■ What needs to be done
All of the data that follows should be retyped exactly, please, except the pictures.

■ Raw data
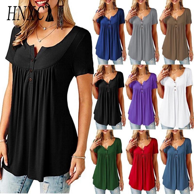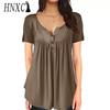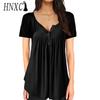 HNXC Women's Fashion Casual Solid Color Print Short Sleeve Blouses & Shirts
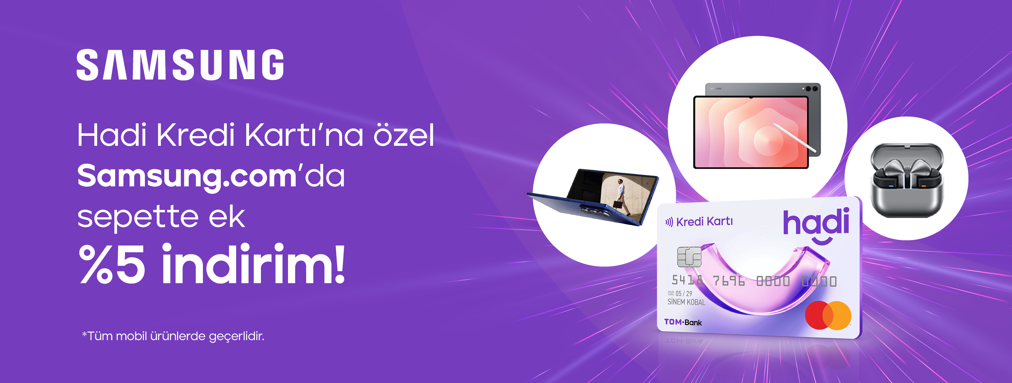 Hadi Kredi Kartın ile samsung.com.tr web sitesi ve Samsung Mobil uygulamasında yapacağın harcamalarında sadece sana özel %5 indirim!
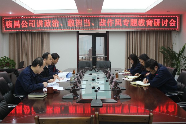 1月14日,核昌公司黨委在公司小會議室組織公司領(lǐng)導(dǎo)班子成員召開2019年一月份黨委中心組學(xué)習(xí)(擴(kuò)大)會議暨講政治、敢擔(dān)當(dāng)、改作風(fēng)專題教育研討會。會議由公司黨委委員、總經(jīng)理楊昭主...

■ Answer to this problem
 HNXC Women's Fashion Casual Solid Color Print Short Sleeve Blouses & Shirts
 Hadi Kredi Kartın ile samsung.com.tr web sitesi ve Samsung Mobil uygulamasında yapacağın harcamalarında sadece sana özel %5 indirim!
 1月14日,核昌公司黨委在公司小會議室組織公司領(lǐng)導(dǎo)班子成員召開2019年一月份黨委中心組學(xué)習(xí)(擴(kuò)大)會議暨講政治、敢擔(dān)當(dāng)、改作風(fēng)專題教育研討會。會議由公司黨委委員、總經(jīng)理楊昭主...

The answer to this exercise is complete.